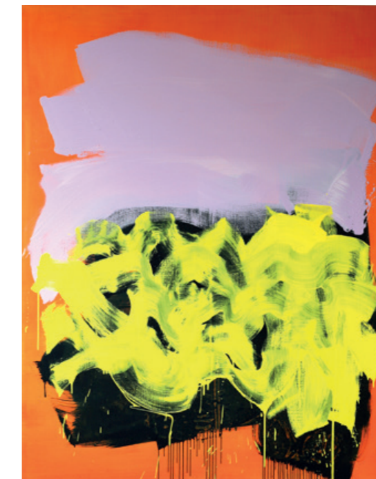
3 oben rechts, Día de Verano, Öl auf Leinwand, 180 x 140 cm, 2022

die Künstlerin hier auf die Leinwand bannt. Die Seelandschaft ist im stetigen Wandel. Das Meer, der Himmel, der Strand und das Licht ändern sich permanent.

----

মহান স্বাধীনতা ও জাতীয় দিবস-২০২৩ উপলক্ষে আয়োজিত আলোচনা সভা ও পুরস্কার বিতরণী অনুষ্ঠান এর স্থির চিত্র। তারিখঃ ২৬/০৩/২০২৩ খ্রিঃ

----

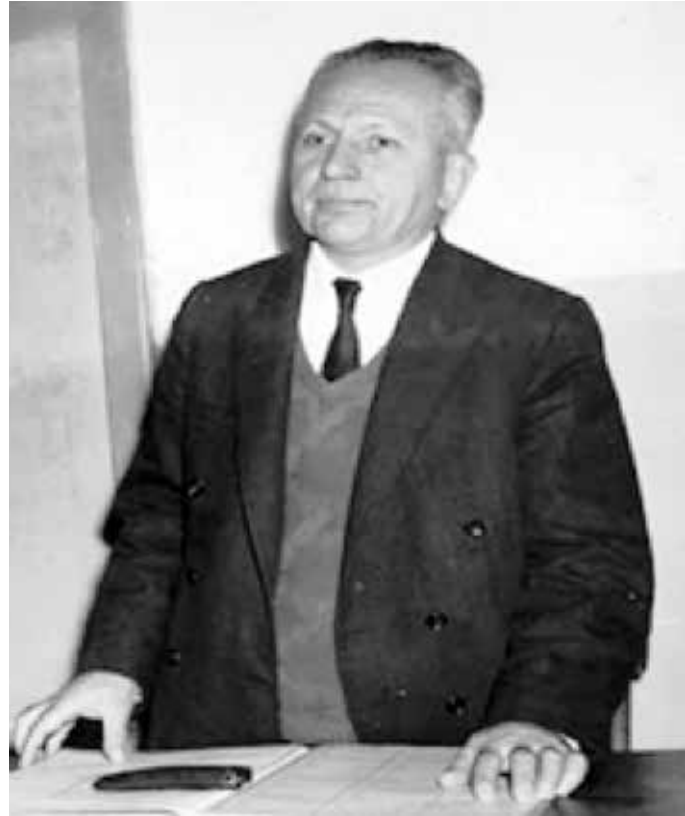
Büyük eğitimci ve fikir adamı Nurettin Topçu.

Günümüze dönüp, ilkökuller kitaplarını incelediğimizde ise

----

§ **What the task asks**:
Every line above from the line with "Büyük eğitimci ve fikir adamı Nurettin Topçu." to the line with "Günümüze dönüp, ilkökuller", inclusive, must be returned exactly; no other line belongs in the reply.

§ **Answer to this task**:
Büyük eğitimci ve fikir adamı Nurettin Topçu.

Günümüze dönüp, ilkökuller kitaplarını incelediğimizde ise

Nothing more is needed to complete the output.